First, I set up the Lagrangian to minimize with the KKT conditions: \begin{align} \mathcal{L}(q,\mu,\lambda) & = -K_p(q) - \mu(1-q) - \lambda q \newline \textrm{where} \quad & \mu, \lambda \geq 0 \newline & 0 \leq q \leq 1 \newline & \mu(1-q) = 0 \newline & \lambda q = 0 \end{align} I then set the derivative in terms of $q$ to zero and plug it back in and get the following dual form: \begin{align} D(\mu,\lambda) & = -\mu + \log(1-p+pe^{\mu-\lambda}) \newline & = \log(e^{-\mu}-pe^{-\mu}+pe^{-\lambda}) \end{align} which I'm supposed to maximize.

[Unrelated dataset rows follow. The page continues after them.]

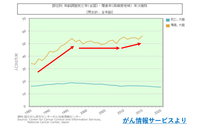豊かになった現代、大腸癌はさぞかし増えているのでしょう・・・
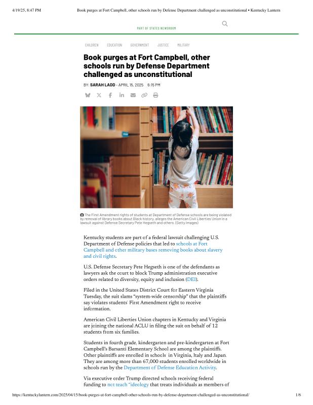 Book purges at Fort Campbell, other schools run by Defense Department challenged as unconstitutional • Kentucky Lantern.pdf
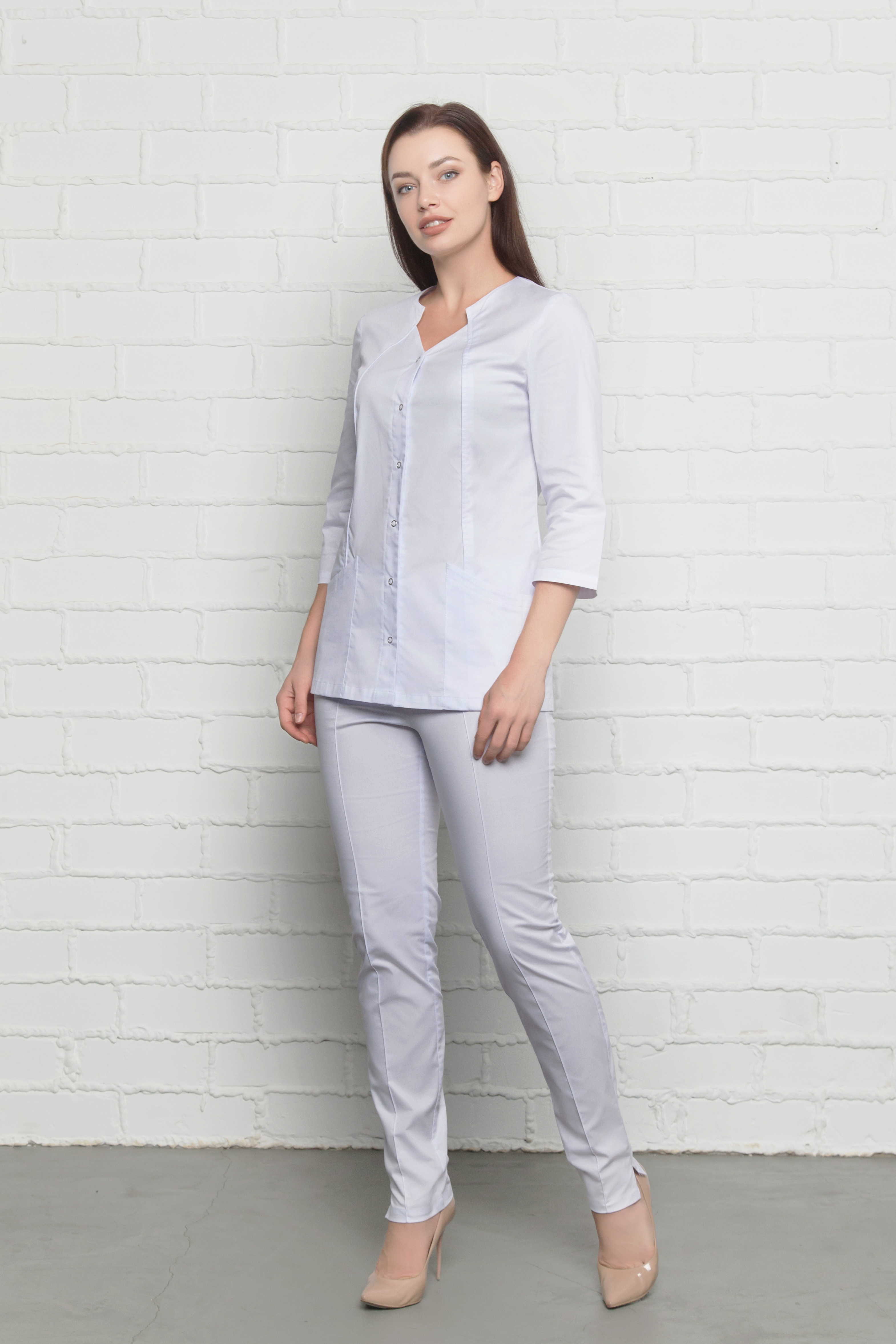 Плотность 150 г/м2 Гладить до 110° Машинная стирка 30° Не отбеливать , нельзя использовать хлорсодержащие моющие средства и стиральные порошки с отбеливателями. Ткань со стрейчем. Благодаря хлопку ткань комфортна, приятна на ощупь, мягкая, «дышащая». Полиэстер отвечает за долговечность и внешний вид — изделия из этой ткани выглядят всегда элегантно, аккуратно, привлекательно. Эластан делает медицинскую одежду из этой ткани чрезвычайно удобной.
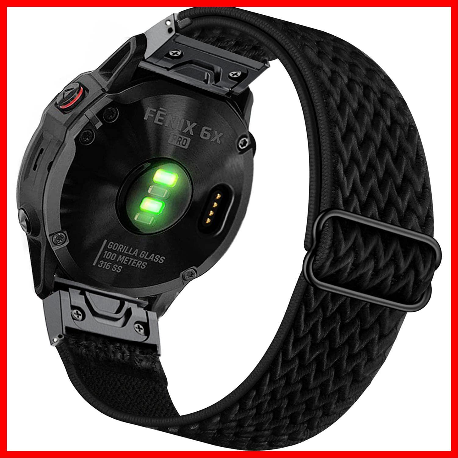 Ahayo QuickFit 26mm 交換ベルト用のガーミン Fenix 8 51mm/ epix Pro 51mm / Fenix 7X/ Enduro, 超軽量 柔らかく伸縮性のあるナイロンリストバンドストラップ に適合するFenix 6X / Fenix 5X / Tactix Delta (フルブラック) | ニコニコshops
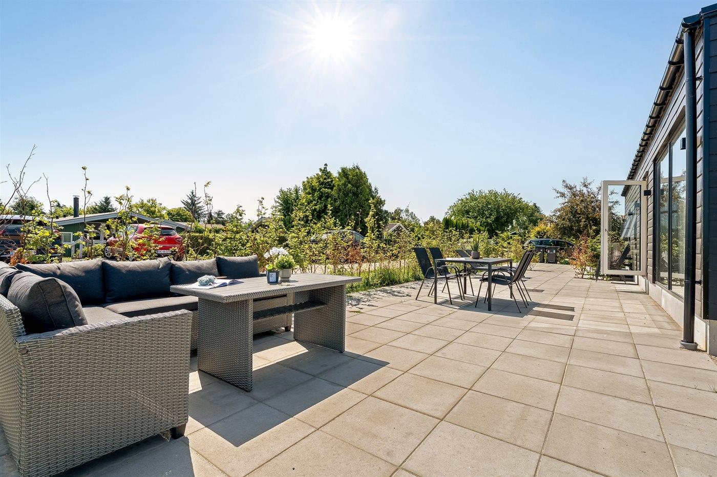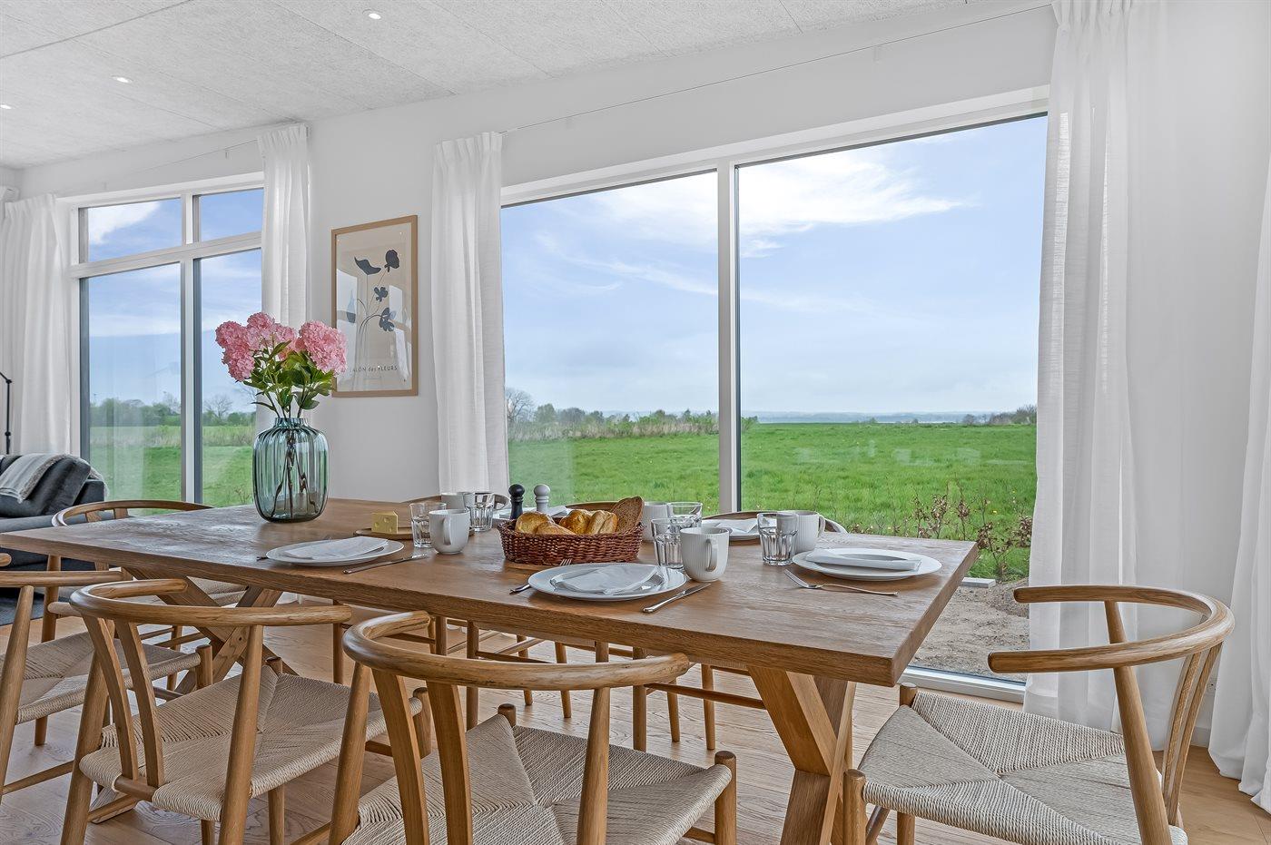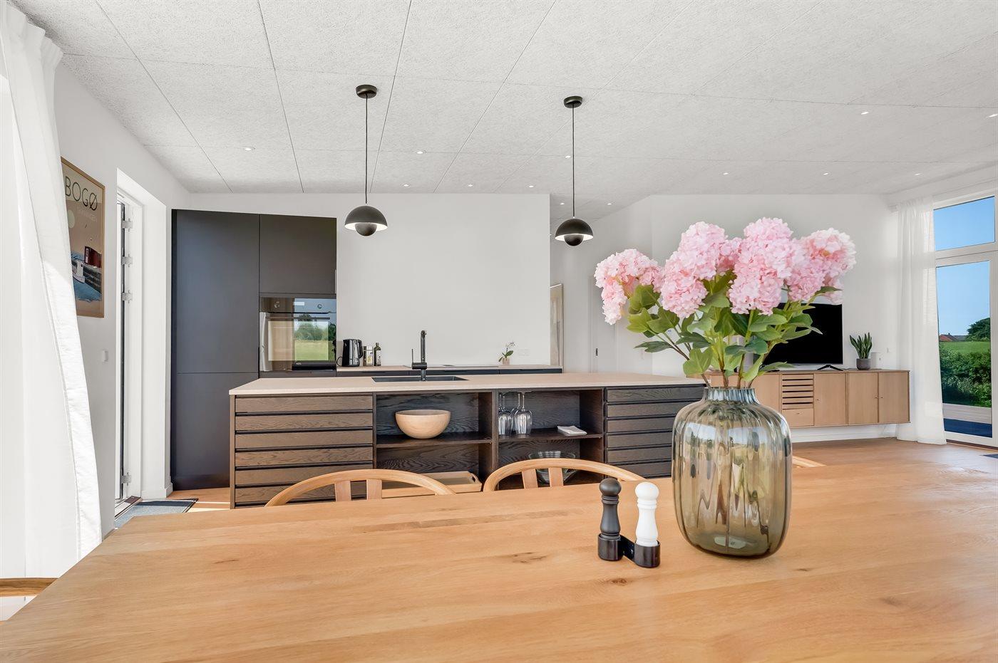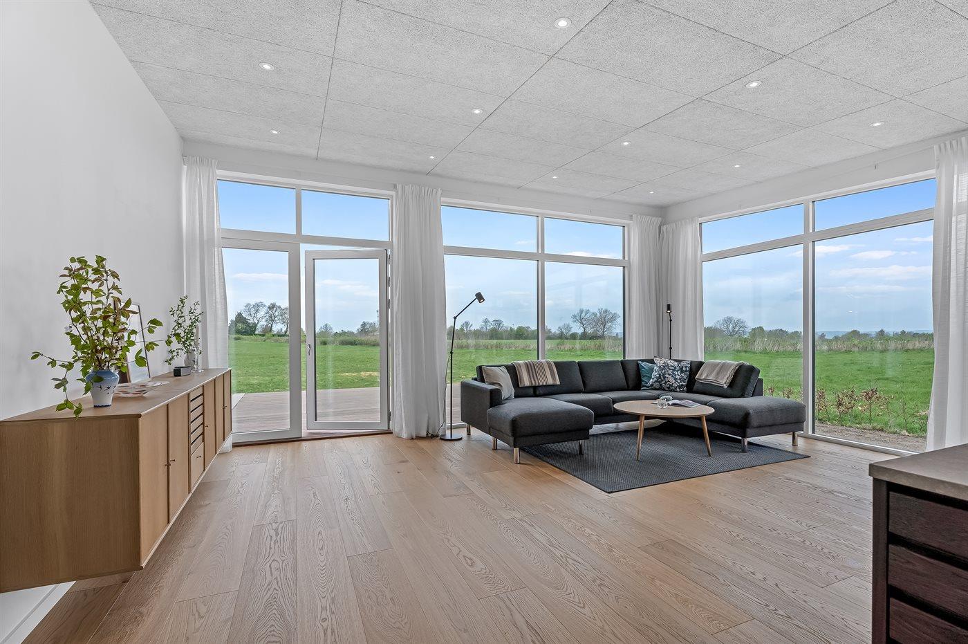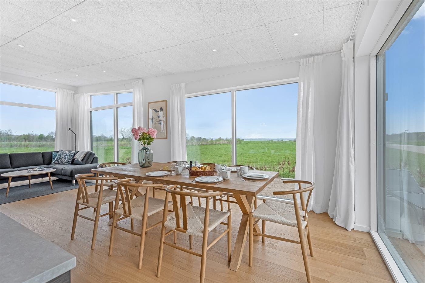 Modern vakantiehuis in Bogø met vloerverwarming, smart-tv's en een groot terras voor 8 personen.

But again, I run into the problem where the maximum of the dual is attained when $\mu,\lambda=0$ (and I got these values again by looking at the equation because setting derivatives to zero was infeasible). Which, according to the KKT conditions, means that q is neither zero nor one. But that can't be right, because the maximum of $K$ is attained when $q=1$.
And my obvious question is: what am I doing wrong? And how is this done correctly?